No one tells you all kinds of feelings come up when you’re healing. Especially healing in a time that is very unknown.
If anyone asks me:
What’s going on?
What’s my plan?
Where am I going?
Only thing I can truly say is:
I don’t know.
As the days progress, I see where I truly am mentally
And I am not okay.
No part of me is okay.
I don’t feel secure in any plans
I only know what I don’t want,
and I keep looking for someone — anyone — to tell me that’s enough.
I wish I could have an answer.
I wish I knew what I truly wanted.
I wish I did things different.
I wish I had a better plan.
I wish I didn’t put faith in a relationship that I thought would last, but knew deep down it wouldn’t.
I wish, I wish, I wish.
Accepting that what I once knew, believed, and wanted isn’t me is the hardest thing to do.
Accepting that I don’t have all the answers is even harder.
I am broken.
I feel broken.
Honestly,
I wish I could just snap my fingers and fix myself.
But I can’t just make it disappear.
I have to sit in it.
Name the feelings.
Accept that even if everyone else isn’t validating me and my choices, doesn’t mean I’m wrong.
But what does that look like when you’re relying on your village more than ever.
When you feel like a disruption in someone else’s world.
When you simply just don’t have it in you to suck it up and go back to a life you wanted to die in.
The hardest thing is accepting the love that is shown to me. Mostly because I know there is only so much that can be given before it is too much.
Before I am too much.
Hello shame.
Shame is my word of the year. Shame of not having the answers. Shame for choosing myself while trying not to spill all of my shit and my responsibilities onto my family and friends.
Shame of knowing that trying to figure myself out in this process is also risking the chance of damaging relationships. Relationships that I have held so tightly to my chest while at the same time kept at some distance.
Hello Shame.
The hardest truth to face is I’m not okay.
Relying on my family and friends does not sit well with me.
I am the one who holds my family up. I am the one who shows up for everyone, especially when they have no one else. I am the one reassuring those that they will forever have a home with me.
But look at me now.
Hello shame.
This in-between feels like a punishment. Like I gassed myself up so much, I now have egg on my face.
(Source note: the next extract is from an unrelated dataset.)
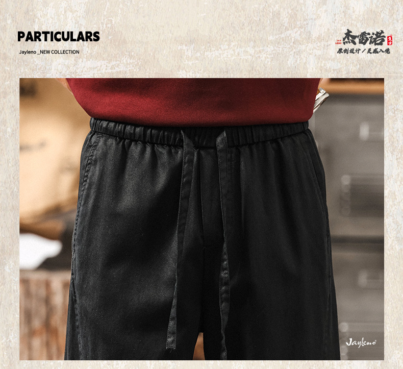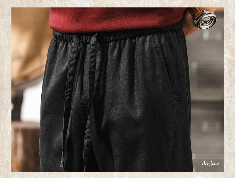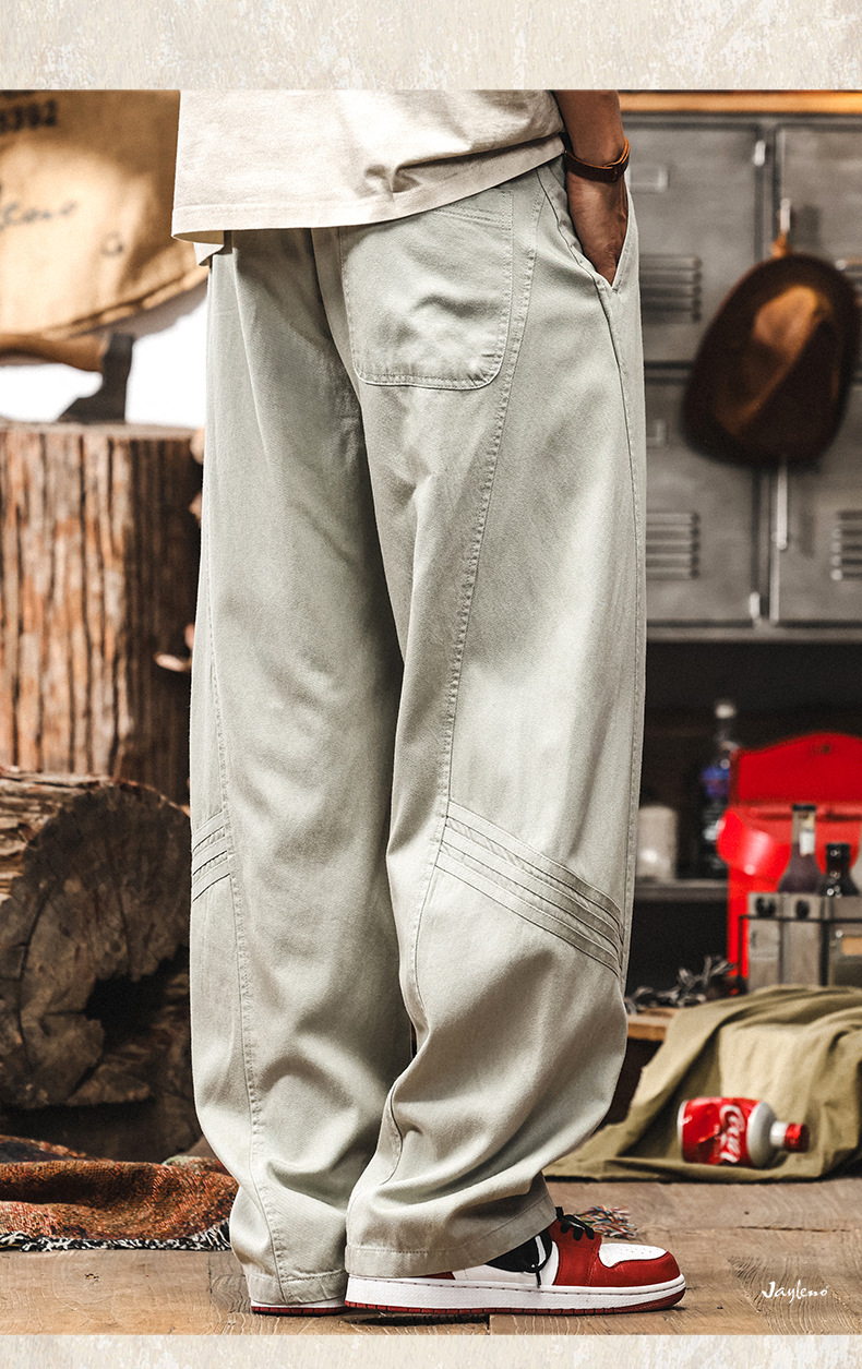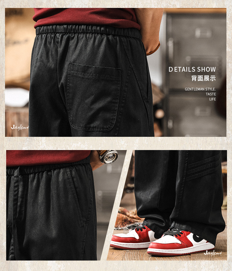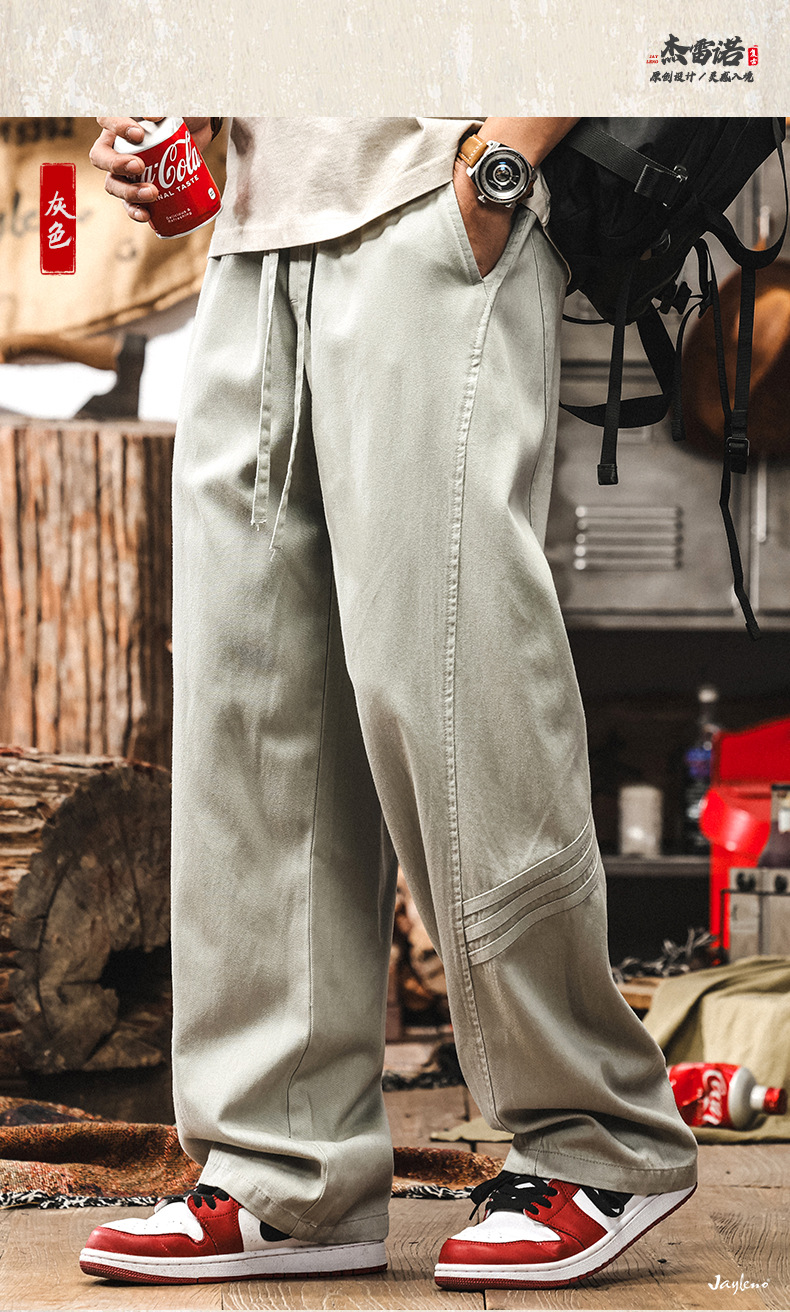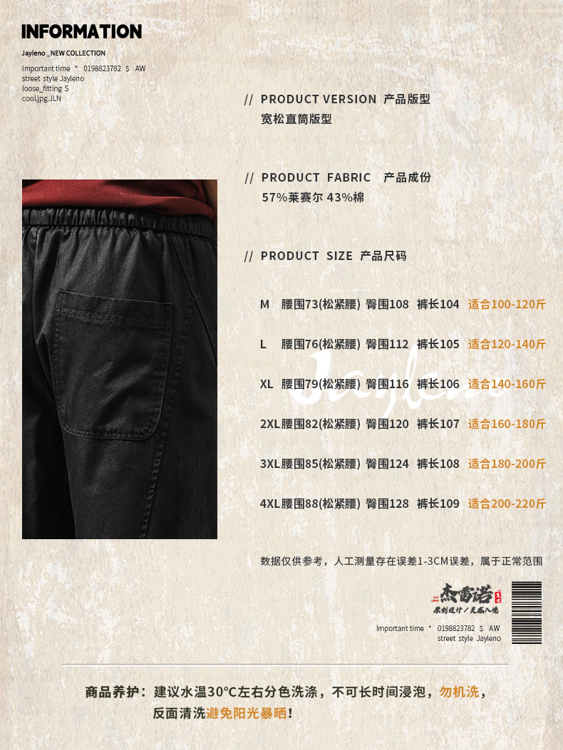 미국 레트로 텐셀 리오셀 얇은 긴 바지 남자 여름 느슨한 스트레이트 드레인 블랙 남자 캐주얼 바지

Like I believed in myself so much that I’ve actually failed myself.
I feel like a failure.
Hello shame.
It’s a hard space to be in. Feeling shame while also keeping faith.
How do you do it?
How am I doing this?
Hello shame.
Shame, Shame, Shame.
Shame is present, but something else is too. Something that tells me continuously
Everything will work out.
Keep going.
Hello Shame.
You are on the right path
Hello Shame.
Things are working in your favor more than you know.
Hello Shame.
You are not a failure, this is not a punishment, you are not broken.
Hello Shame.
You are the sun, the stars, and the moon.
Goodbye Shame.
Phew. Shame shame shame is hell. Still I’m proud of you for acknowledging it and accepting this is one of the emotions you are feeling (right now). It’s giving Carl Jung and acknowledging your shadow self. I know it’s easier said than done STILL you have nothing to be ashamed or Embarrassed about. We’ve all gotten egg on our face and suffered the consequences of not listening to our intuition when it tried to put us on about relationships we so desperately wanted to survive. You are wonderfully HUMAN and completely normal and you’re ALWAYS doing better than you EVER give yourself credit for. We are all rooting for you.